Quicksiva, you remind me of an evangelical who is so certain of his belief that he cannot understand how anyone could doubt that Christ rose from the dead and ascended into heaven. No matter how hard you believe in something, it does not make it true in the world of science, only in the world of faith. I suppose I can admire your tenacity in trying sell your fanciful beliefs to the rest of us, but it remains here -- as in your many other threads -- that unless you are able to provide something in the way of evidence -- and I don't mean the stuff you are tossing out -- you are not going to convince any of us, any more than Von Daniken could convince real historians that what looked like space helmets on the walls of temples were actually space helmets.

Ciao!

130quicksiva
jan 21, 2013, 8:39 pm

I think it's rich that a couple of "natives" sued Diamond for 10 million (I hope it was Euros). They said he defamed them in a case study.

131quicksiva
jan 21, 2013, 8:57 pm

PROF ALICE KEHOE - Anthropologist, Marquette University:
"I think there is good evidence that there was both trans-atlantic and trans-pacific travel before Columbus. When we try to talk about trans-oceanic contact, people that are standard archeologists get very, um, skittish, and they want to change the subject or move away. They suddenly see a friend across the room - they don't want to pursue the subject at all. They seem to feel that it's some kind of contagious disease they don't want to touch, or it will bring disaster to them."
The Cocaine Mummies

132Nicole_VanK
jan 21, 2013, 9:12 pm

Ehr, no. We merely want to see some hard evidence. Real proof, that's all.

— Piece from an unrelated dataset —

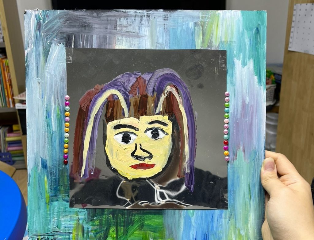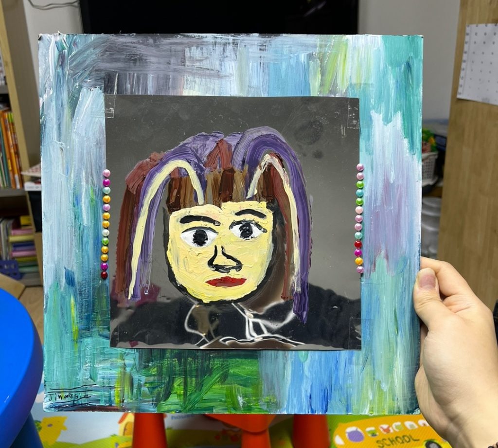 - 거울을 보며 자신을 있는 그대로 표현해보거나 창의력을 동원해 표현한 자신만의 자화상을 표현해봅니다.

Well, I'll admit I would try to avoid causing such embarrassment. But I'm absolutely willing to pursue the subject if the other side is willing to make a fool a him/her self.

133andejons
jan 22, 2013, 1:24 am

>123 Nicole_VanK:
From what I recall, there were not that many Greenlanders that went to Vinland. They were isolated themselves from the start (there were two voyages for a disease to make before it got to the Greenlanders), landed on a sparsely populated part of the continent and only lived there permanently for a few years. It's really not that strange if they didn't transmit any diseases.

134setnahkt
jan 22, 2013, 1:50 am

In no particular order:

It seems unfair to answer hundreds of years of bigotry, oppression, and lynch mobs with "Well, it turns out race is just a social construct. Sorry about that."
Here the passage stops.